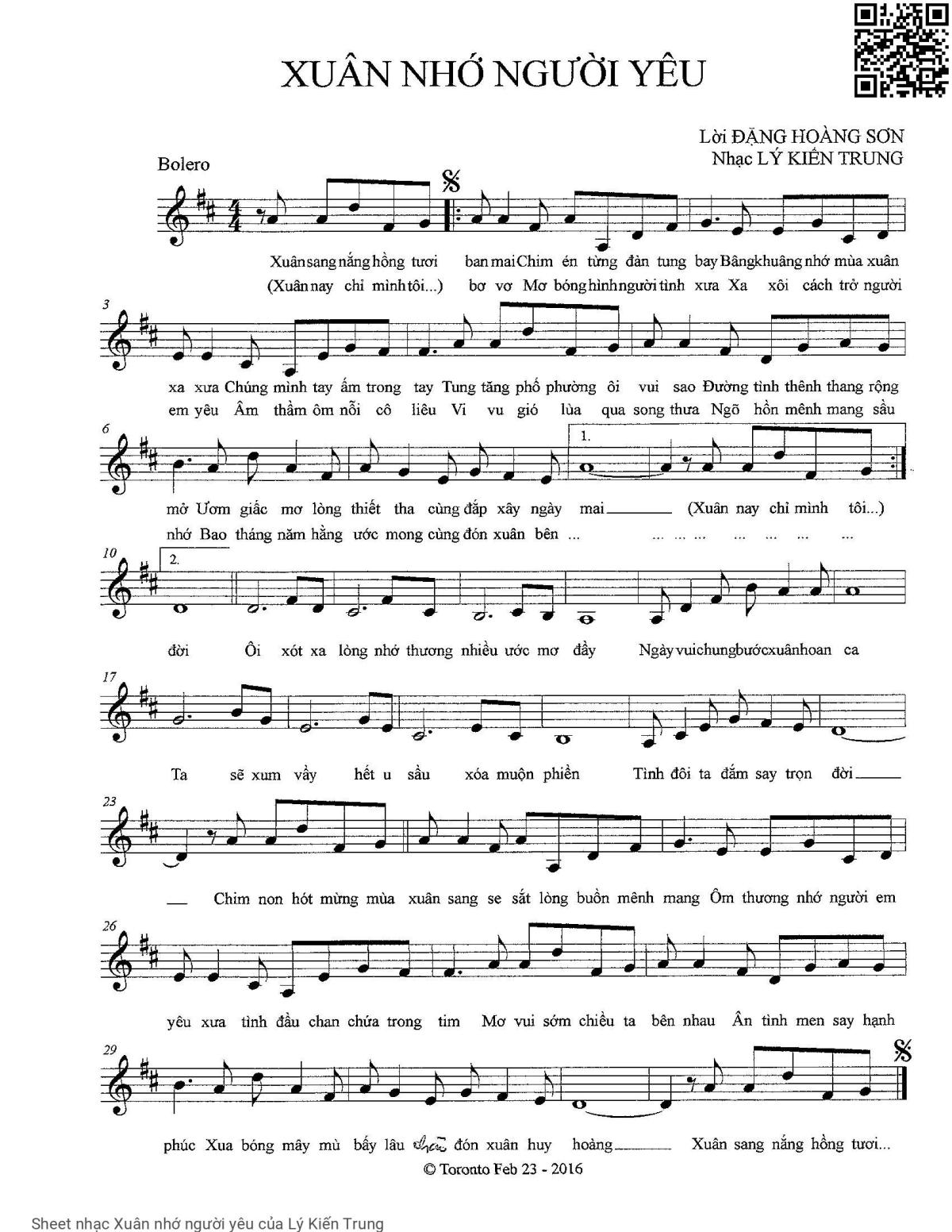 Các sheet PDF tương tự Xuân nhớ người yêu:
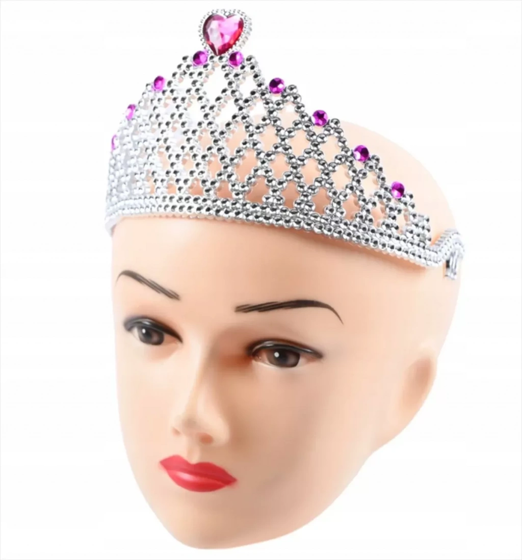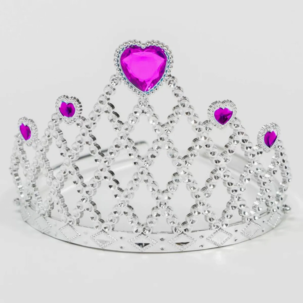 Bu taç, gümüş renginde ve fuşya kalp süslemesi ile zarif ve modern bir tasarıma sahiptir. Taçtaki parıldayan taşlar ise masalsı bir atmosfer yaratarak küçük prensesinizin göz kamaştırmasını sağlayacaktır.
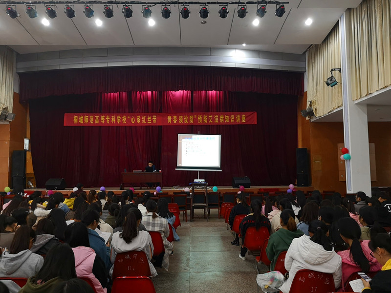 校醫室邀請市疾控中心專家來我校開展防艾專題講座,講座的主題為“心係紅絲帶,青春須設防”,並請桐城電視台對本次活動進行現場報道;製作了防艾宣傳標語,在校園主幹道進行了懸掛,以營造防艾氣氛;講座現場,誌願者給同學們發放宣傳手冊、宣傳畫冊及青年學生艾滋病知識問卷;組織學生在防艾宣傳標語橫幅上簽名;安排醫務人員現場接受學生谘詢;將防艾宣傳片在學校電子屏幕上進行循環播放;班級召開一次防艾主題班會等。
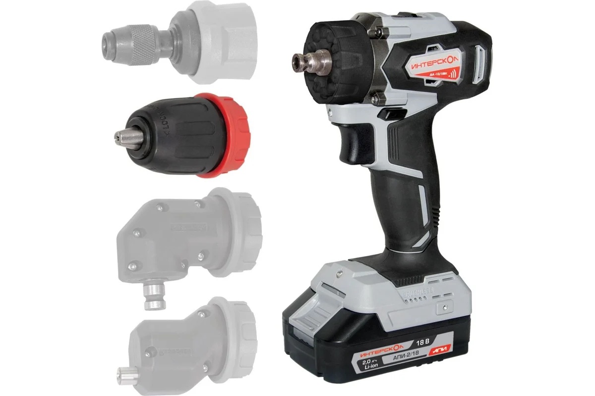 - Совместимость с дополнительными насадками: эксцентриковой, угловой и HEX ¼”.
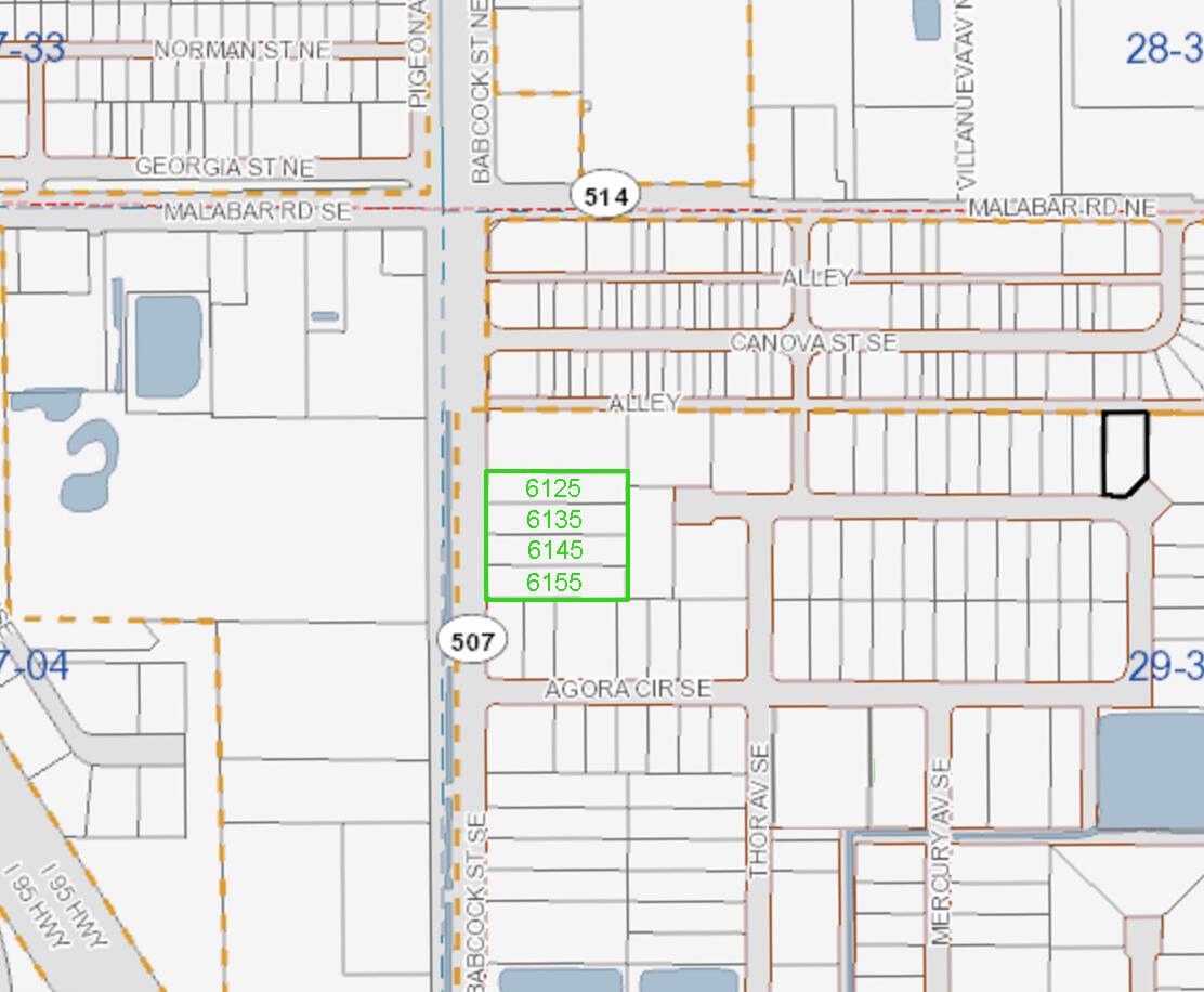 Rare Development Opportunity - 4 Adjacent Commercial Lots in Palm BayAssemblage of 6125, 6135, 6145 & 6155 Babcock St SE offers prime frontage along one of Palm Bay's busiest corridors. Large commercial sites of this scale are increasingly scarce, especially in the city's fastest-growing area. Surrounded by new residential communities and just minutes from major national retailers, dining, and services, this location delivers exceptional visibility and access. Ideal for retail, medical, mixed-use, or other high-demand projects.

__________

Set down word for word the lines from the first entry through the line with "Bu taç, gümüş", both included, omitting pictures.

### Response to this exercise:
 Các sheet PDF tương tự Xuân nhớ người yêu:
 Bu taç, gümüş renginde ve fuşya kalp süslemesi ile zarif ve modern bir tasarıma sahiptir. Taçtaki parıldayan taşlar ise masalsı bir atmosfer yaratarak küçük prensesinizin göz kamaştırmasını sağlayacaktır.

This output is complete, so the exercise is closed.